I’ve seen Diane’s site, yeah. I met Ann Rule at a book signing once and she talked about “being sued by convicted murderers for defaming their reputations.”
Diane’s first parole date is next year, I think. I highly doubt she’ll get out.
It was so wonderful of Fred and his wife. It gave those poor children a break they would never have had otherwise. Do you know Diane keeps trying to get out and her father has a website rapping Ann Rule over the knuckles? How anyone could believe Diane’s nonsense is beyond me, especially after what she claimed about her father in court!
Which reminds me of another bit of crime/adoption trivia, re: Diane Downs. It was a famous case in Oregon in the eighties; she shot her three children because she wanted to be with her boyfriend and he didn’t want kids. One of the children died but the other two survived and told on her. After Diane was sent to prison, the prosecutor adopted her surviving kids.
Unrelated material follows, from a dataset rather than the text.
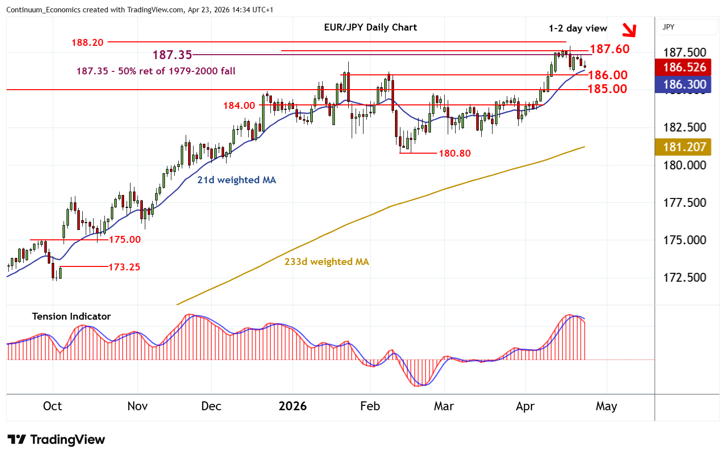 14:25 BST - Still little change, as cautious trade gives way to a fresh drift lower. Intraday studies are under pressure and daily readings remain negative, highlighting room for a pullback towards support at congestion around 186.00 and the 186.25 low of 20 April. However, rising weekly charts should limit any deeper reactions, if seen, in consolidation above 185.00. Meanwhile, resistance remains at the 187.35 multi-year Fibonacci retracement and extends to the 187.60 high of August 1990. But a close above the 188.20~ multi-year high of May 1990 is needed to turn sentiment positive and confirm continuation of long-term gains.

Now I did not know that, either! Ruxton’s eldest child was a girl and it was she who became the pathologist. I would like to find out more but I feel they deserve their privacy. Also, Ruxton’s lawyer adopted the children and brought them up.
No, I did not. That’s very interesting. Kind of like how Madelyn Murray O’Hare, the woman who founded American Atheists and got prayer removed from public schools, her son became a minister.
Very well done, Meagan. Did you know that the Ruxton’s eldest child became a pathologist?